Using Hyperspectral Data to Identify Crops in a Cultivated Agricultural Landscape-A Case Study of Taita Hills, Kenya
Received: 11-Aug-2014 / Accepted Date: 30-Oct-2014 / Published Date: 10-Nov-2014 DOI: 10.4172/2157-7617.1000232
Abstract
Recent advances in hyperspectral remote sensing techniques and technologies allow us to more accurately identify larger range of crop species from airborne measurements. This study employs hyperspectral AISA Eagle VNIR imagery acquired with 9 nm spectral and 0.6 m spatial resolutions over a spectral range of 400 nm to 1000 nm. The area of study is the Taita hills in Kenya. Various crops are grown in this region basically for food and as an economic activity. The crops addressed are: maize, bananas, avocados, and sugarcane and mango trees. The main objectives of this study were to study what crop species can be distinguished from the cultivated population crops in the agricultural landscape and what feature space discriminates most effectively the spectral signatures of different species. Spectral Angle Mapper (SAM) algorithm together with some dissimilarity concepts was applied in this work. The spectral signatures for crops were collected using accurate field plot maps. Accuracy assessment was done using independent training vector data. We achieved an overall accuracy of 77% with a kappa value of 0.67. Various crops in different locations were identified and shown.
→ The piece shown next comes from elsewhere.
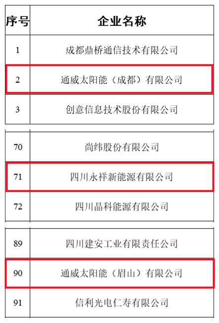 通威旗下三家公司榮列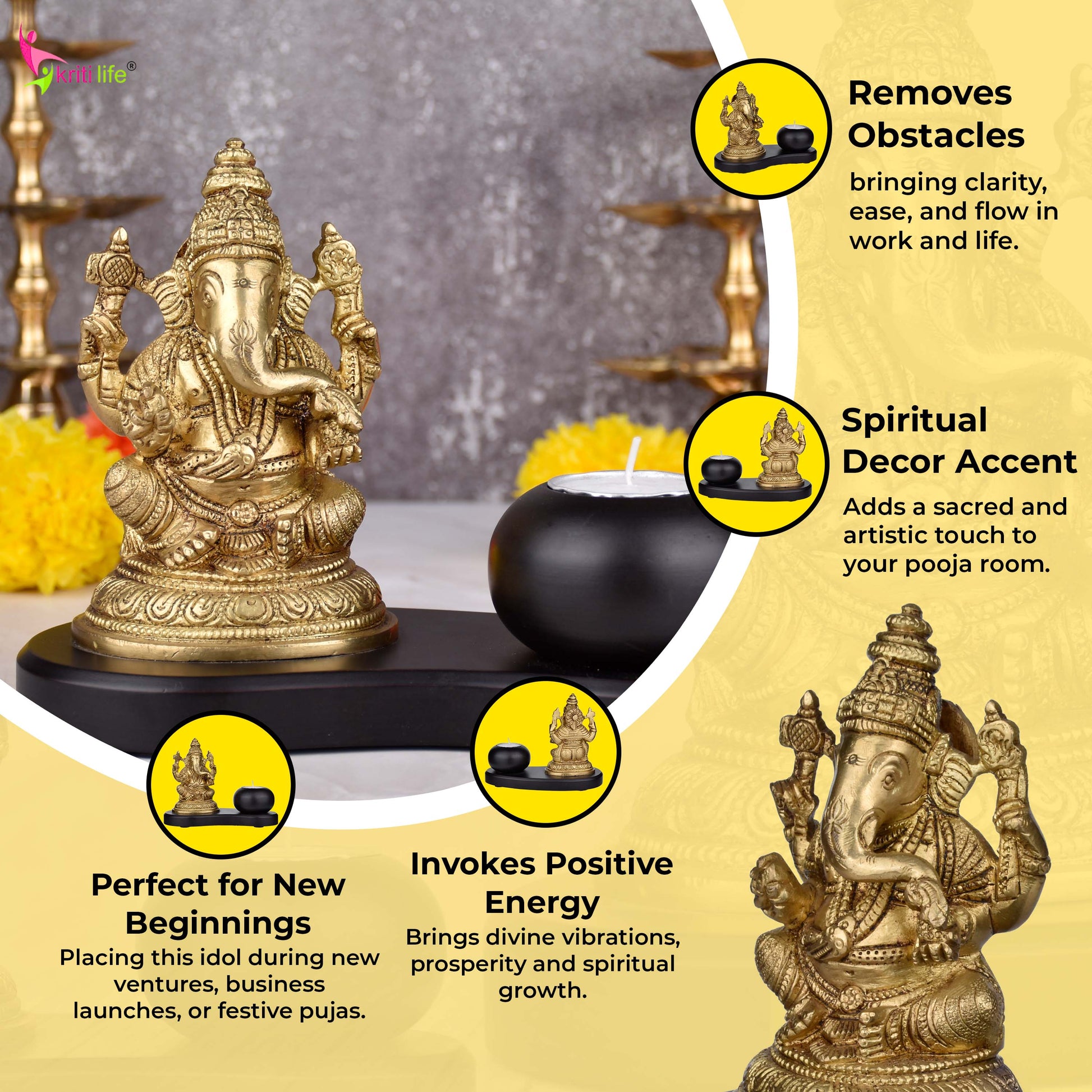 The attached matte-black wooden base holds a round tealight candle holder, making it an ideal decorative accent for your living room, office desk, mandir, or meditation space. Light the candle to create a soothing ambiance during prayer or relaxation.

Keywords: Hyperspectral imaging; Spectral signatures; Spectral variation; Crop identification; Spectral angle mapper
8373Introduction
Hyperspectral remote sensing data can provide a significant spectral measurement capability over the conventional remote sensor systems and hence becomes very useful in identification and modelling of terrestrial ecosystem characteristics. Not long ago, mapping was mainly using satellite (space borne) data for large area mapping but for small regions, it used aerial images (air borne) and in most cases, the result was just a land cover map combining several classes of pixels having some broad similarity. The need to discriminate crop species to know their health, location and distribution has paved way in this decade due to available sensors which can detect at high spatial and spectral resolutions the natural and man-made features on the surface of the earth. The advancement not only on the sensor availability but also the technology used to discriminate the various spectra of different species has become a boost to mapping. Many technologies have been used for extracting terrestrial features from hyperspectral imagery. Principal Component Analysis (PCA) among other algorithms for crop classification has yielded good results [1]. Step-wise Discriminant Analysis (SDA) and Derivative Greenish Vegetation Indices (DGVI) to classify and characterize both vegetation and agricultural crops have been used [2,3]. Dissimilarity based approaches have also given good representation of hyperspectral data [4]. Tree species identification has been one area of interests for scientist dealing with forests and vegetation mapping. Statistical methods to identify tree species in forests have shown good and accurate results. Nevertheless, Artificial Neural Networks (ANN) and Linear Discriminant Analysis (LDA) have given reliable results in tree species identification.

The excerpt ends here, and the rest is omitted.